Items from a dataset
###
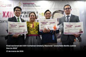 Las personas distinguidas en la fase final recibieron diploma de reconocimiento y estímulos económicos de 30 mil, 20 mil y 15 mil pesos para el primer, segundo y tercer lugar, respectivamente.
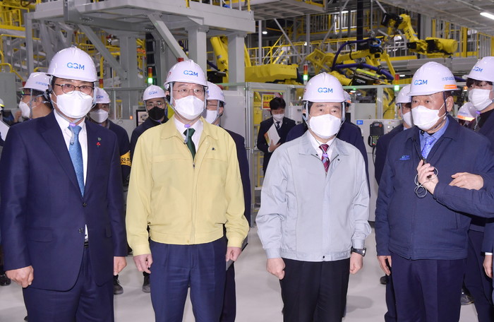 [광주=정찬남 기자] 정세균 국무총리는 10일 오후, 전국 최초의 상생형 지역일자리인 광주글로벌모터스 현장을 국무조정실 국무2차장, 고용노동부 노동정책실장, 광주광역시장 등과 동행 방문했다.
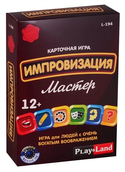 "Импровизация: Мастер" - для людей с богатым воображением старше 12 лет и для тех кто хочет его развить, в ней могут участвовать от 3 до 4 игроков. Игра вызывает огромный интерес не только потому что игроки стремятся победить, но и очень увлекателен сам процесс игры, где дается возможность импровизировать и проявлять себя! "Импровизация: Мастер" - игра для тех, кто хочет отлично провести время в веселой и творческой атмосфере с пользой для самообразования. Она создана для тех, кому надоели легкие и стандартные вопросы и задания. Бросьте вызов себе! Наш совет: в любой непонятной ситуации - импровизируй!
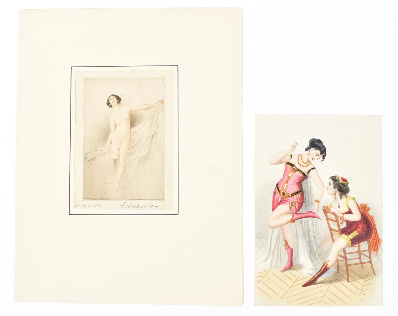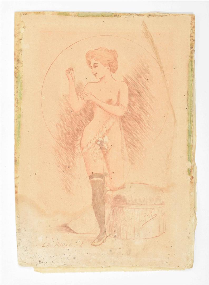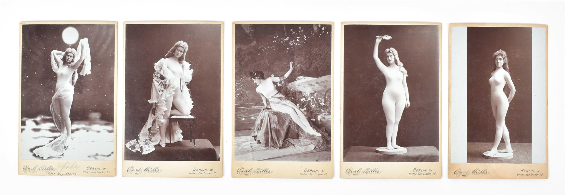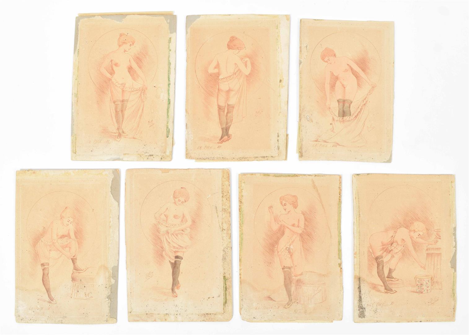 (1) Five cabinet cards of nude women by C. Müller, Berlin, 1903. All 17 x 11 cm. (2) A series of 7 erotic col. etchings finely portraying the (un)dressing of a woman, "La Puce" by "R-Kiss". Late 19th cent. (?) All 18 x 12.5 cm. Incomplete series, worn. (3) Paper underpants. -and 2 other erotic prints.
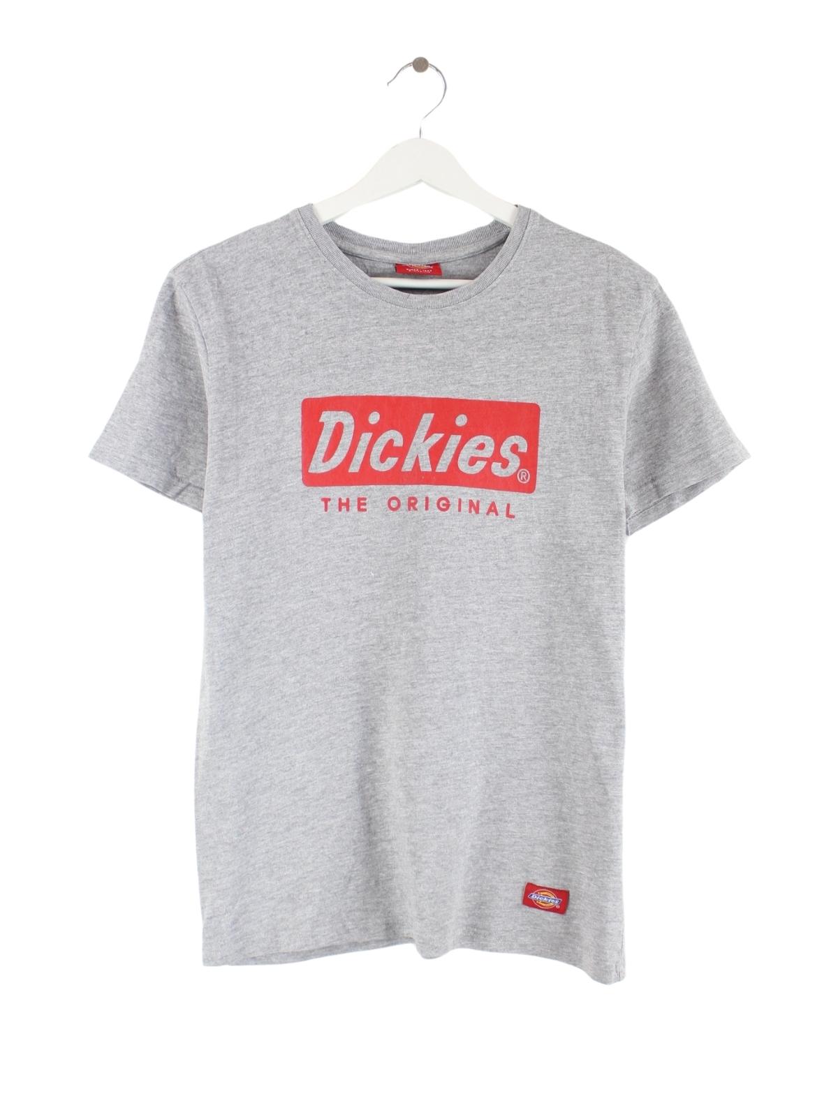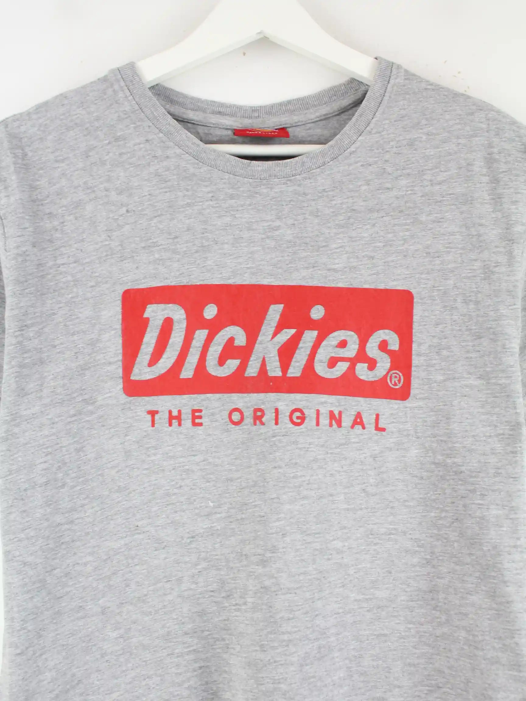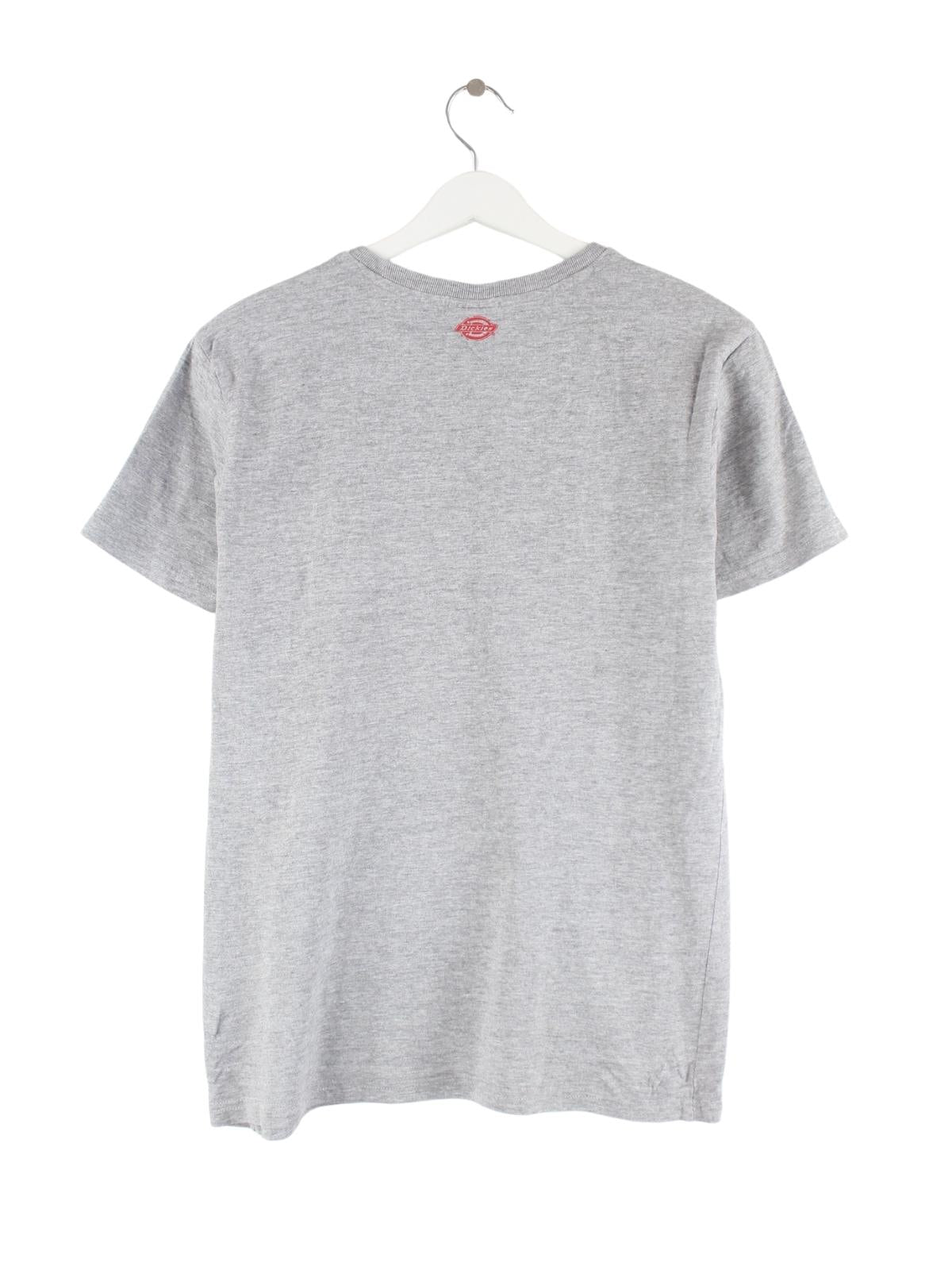 Graues T-Shirt der Marke Dickies in Größe M. Es ist aus Baumwolle gefertigt und in sehr gutem Zustand auf Lager. Mit tollem 00s Print.
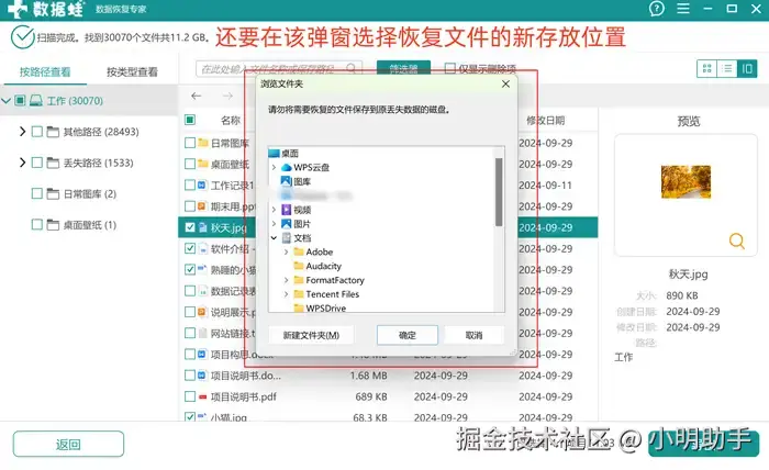 步骤3:在弹窗中选择恢复文件的新存放位置,不能将其放回U盘哦。
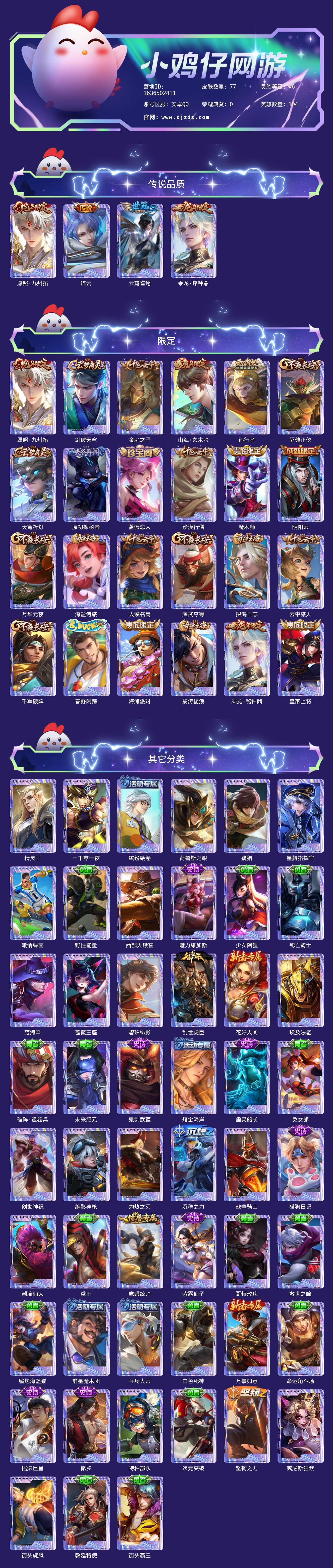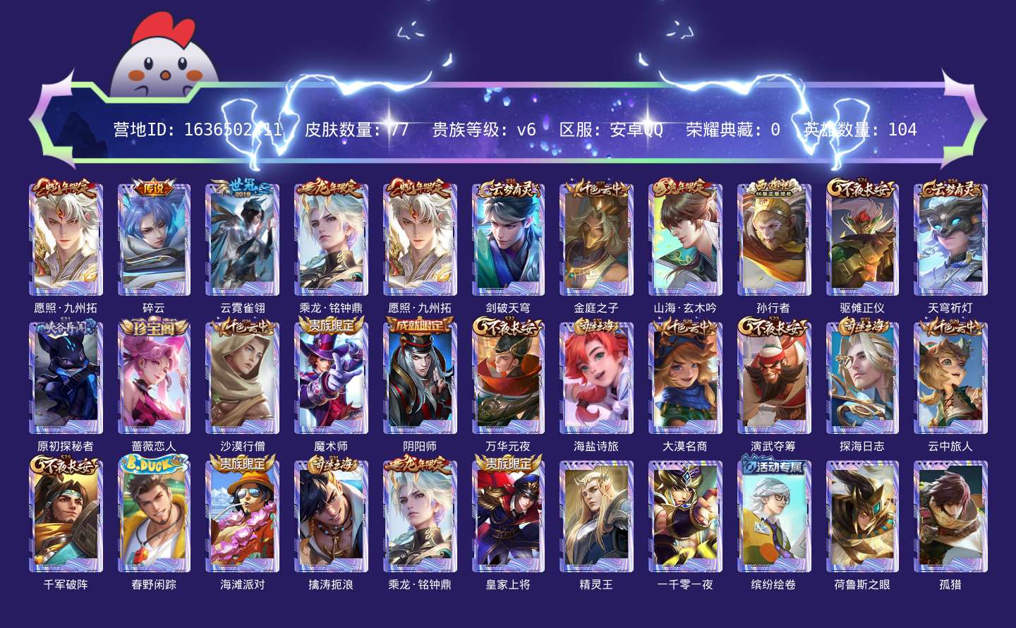 贵族等级:v6皮肤数:77传说品质4 生肖限定3 英雄数:104
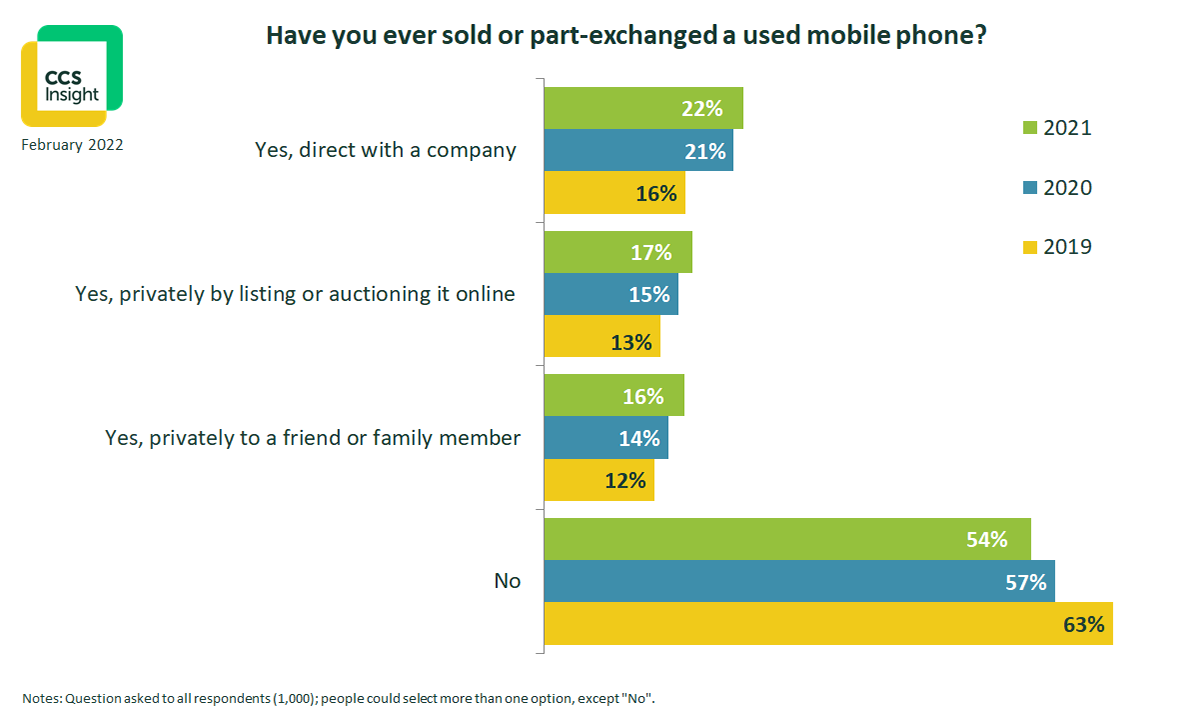 The research was conducted in December 2021. CCS Insight surveyed 1,000 UK mobile phone users aged 16 and over, representative of the population by age, gender and region. When answering questions, people were asked to consider their primary mobile phone for personal use.
###
## TASK TO CARRY OUT
Look above for the line containing "Graues T-Shirt der"; output that line and all lines after it through the last one exactly, without the pictures.

## SOLVED PROBLEM
 Graues T-Shirt der Marke Dickies in Größe M. Es ist aus Baumwolle gefertigt und in sehr gutem Zustand auf Lager. Mit tollem 00s Print.
 步骤3:在弹窗中选择恢复文件的新存放位置,不能将其放回U盘哦。
 贵族等级:v6皮肤数:77传说品质4 生肖限定3 英雄数:104
 The research was conducted in December 2021. CCS Insight surveyed 1,000 UK mobile phone users aged 16 and over, representative of the population by age, gender and region. When answering questions, people were asked to consider their primary mobile phone for personal use.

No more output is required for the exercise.